Minister Njie said domestic borrowing is projected to increase to D3.9 billion in 2020 compared to D1.236 billion in 2019.

“The economy is anticipated to grow by 4.0% in 2019 compared to an actual real growth of 6.5% in 2018. The decline in growth is as a result of anticipated setbacks in both agriculture and services sectors,” he added.

He said gross domestic product is anticipated to grow by 40% in 2019 compared to an actual outturn of 6.5% in 2018, adding that the agriculture sector is anticipated to experience contraction in 2019 due primarily to poor performance from two important subsectors: crops and livestock.

“The ministry of finance and economic affairs has implemented strong budget execution guidelines for 2019 which has helped in minimising budgetary reallocation and augmentations, and in turn, improved ministries’ compliance to spend within their envelope. As of end 2018, Net Domestic Borrowing (NDB) was less than D3.4 billion, which is approximately 4% of nominal GDP,” he said.
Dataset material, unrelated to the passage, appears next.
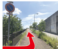
③国道176号を進む 国道176号沿いの歩道を進む

He said the country’s non-realisation of NDB target of 1% of GDP was primarily as a result of the non-disbursement of budget support from its development partners.

“Although a total of D3.4 billion was factored as budget support, only the EU component of 25 million Euros was received, and critically, this was received in 2019 instead of 2018. The projected budget support from the EU and the World Bank, which comprises the bulk of our estimated support for this year, have not materialise as at end of September,” he added.

“In addition, we are also in advanced negotiations with the French Government for potential budget support of the tune of 2 million euros. We nevertheless still expect the EU (22 million euros) support before the end of the year,” he said.

He said the World Bank budget support is unlikely to materialise due to slippages emanating from the non-realisation of certain development policy operation targets.

He said total expenditure including externally finance capital expenditure and net lending has reached around D14.1 billion as of September 2019 more than the 2018 figure of D13.6 billion.

The 2020 budget, he added, also features an innovative developmental model referred to as the emergency community development programme (ECDP). “The ECDP will be implemented through local councils, and it aims to improve access to basic social services for rural populations through the establishment of socio-economic infrastructures,” he stressed.